Connecting Vision and Language plays an essential role in Generative Intelligence. For this reason, in the last few years, a large research effort has been devoted to image captioning, i.e. the task of describing images with syntactically and semantically meaningful sentences. Starting from 2015 the task has generally been addressed with pipelines composed of a visual encoding step and a language model for text generation.
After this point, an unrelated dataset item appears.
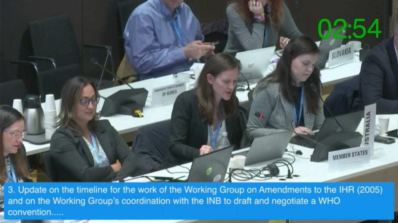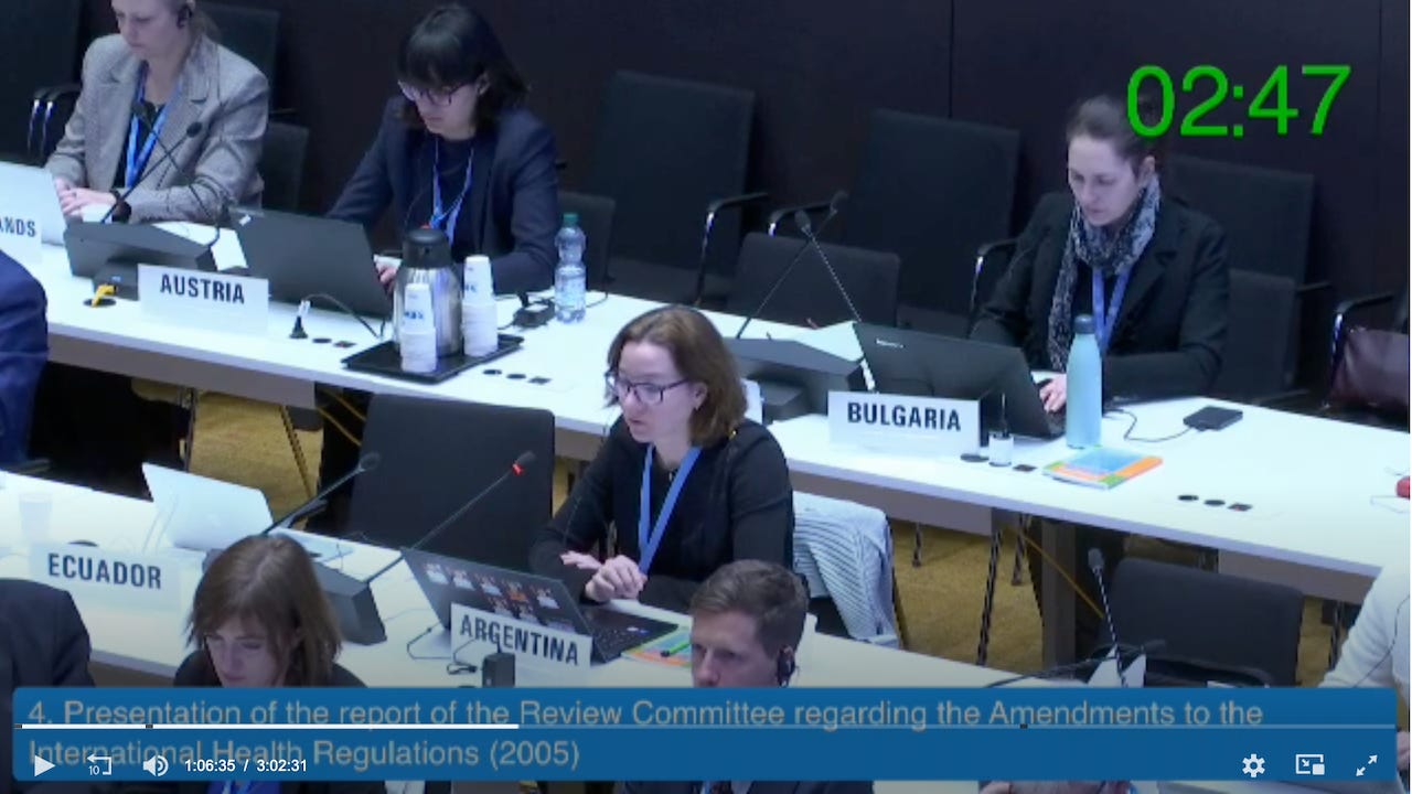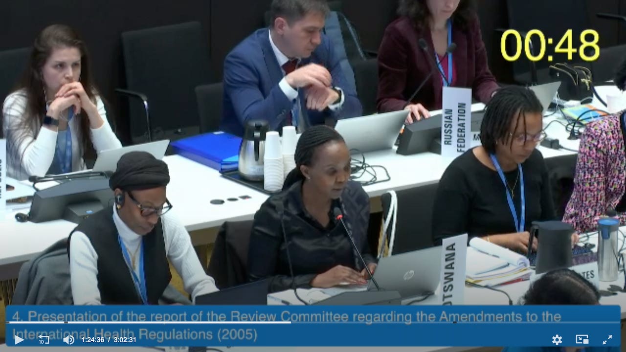 The screenshots below are from the 4 recorded videos from the second meeting of the Working Group on amendments to the International Health Regulations. The videos are available here:

During these years, both components have evolved considerably through the exploitation of object regions, attributes, and relationships and the introduction of multi-modal connections, fully-attentive approaches, and BERT-like early-fusion strategies. However, regardless of the impressive results obtained, research in image captioning has not reached a conclusive answer yet. This work aims at providing a comprehensive overview and categorization of image captioning approaches, from visual encoding and text generation to training strategies, used datasets, and evaluation metrics. In this respect, we quantitatively compare many relevant state-of-the-art approaches to identify the most impactful technical innovations in image captioning architectures and training strategies. Moreover, many variants of the problem and its open challenges are analyzed and discussed. The final goal of this work is to serve as a tool for understanding the existing state-of-the-art and highlighting the future directions for an area of research where Computer Vision and Natural Language Processing can find an optimal synergy.